Label consistency: when a grain-boundary image is rotated 45°, the segmentation mask must be rotated by exactly the same 45°. Top row (left to right): original image, original mask, rotated image (45°). Bottom row: correct — rotated mask (same 45°, joint transform); wrong — un-rotated mask paired with the rotated image, producing misaligned ground truth.

On-the-fly (preferred): sample a new random transform per batch — the network never sees exactly the same pixels twice. Near-infinite effective dataset from 50 images.
Offline augmentation: pre-generate augmented images on disk. Faster per epoch but with a fixed set that the network will eventually memorise over many epochs. Use only when augmentation is computationally expensive (e.g. physics rendering).
The rule: augment AFTER splitting by specimen. Augment only the training set. Never augment before the train/test split — an image and its rotation must not land on both sides of the split.

The split-first ordering is the single most common validation error in augmentation pipelines. Name it explicitly: “augmentation leakage” — a rotated copy of a training image ending up in the test set. The test performance then measures memorisation recall, not generalisation.
The practical rule for the exam: SPLIT (by specimen), THEN augment. Never the reverse.
The one point to land: on-the-fly augmentation on 50 images gives near-infinite diversity because the random parameters are resampled each epoch. Offline augmentation on the same 50 images, say 10 variants each, gives 500 frozen images the network will memorise in a few hundred epochs.
EM anchor: five specimens × 10 crops = 50 images. Wrong: split 40 random crops / 10 random crops → every specimen on both sides → the model learns specimen identity. Right: split 3 specimens / 2 specimens → never seen any crop from test specimens. Then augment the 30 training crops to 300+.
Transition: “Augmentation makes the most of data we have. Transfer learning brings in knowledge from outside.”

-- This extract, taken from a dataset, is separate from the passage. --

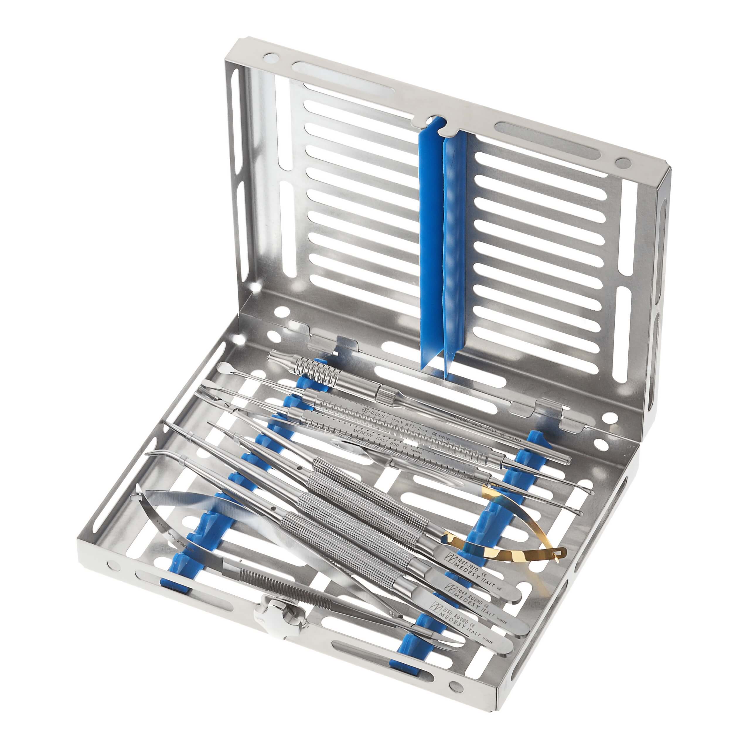HANDLE FOR MICRO-MIRRORS AND MICRO-BLADES SMOOTH, MICRO BLADES STERILE N.64 – 25 PCS, NEEDLE HOLDER CASTROVIEJO mm180 CURVED TC, SCISSOR CASTROVIEJO CURVED mm150, TWEEZER ROUND mm180 1×2, TWEEZER ROUND mm180 1×2 CURVED, TWEEZER DE BAKEY MINI, PERIOSTEAL ELEVATOR 3.3/2.8, PERIOSTEAL ELEVATOR MOLT 2-4, TRAY GAMMAFIX TRE

Augmentation scenario: a laser-welded joint

Scenario: 50 SEM images of a laser-welded joint. The weld bead runs left-to-right. Task: classify weld quality (good/defective).
Apply the physics gate to each proposed augmentation:
- Horizontal flip: Valid — the weld is approximately mirror-symmetric about its centreline; a left-right flip produces a physically plausible weld of the same quality class.
- Vertical flip: Invalid — top surface (cap bead, possible undercut) ≠ root (penetration, possible lack-of-fusion). A vertical flip produces a weld that cannot physically exist.
- 90° rotation: Invalid — the weld runs left-to-right; rotating 90° makes it vertical. Bead direction is physically defined (travel direction, gravity during solidification).
- Brightness jitter: Valid — quality is a structural judgement, not an absolute-intensity measurement; intensity perturbations add robustness to session/detector variation.
- Gaussian noise: Valid — same reason as brightness jitter.
The meta-point: every verdict came from physics, not from a CV default.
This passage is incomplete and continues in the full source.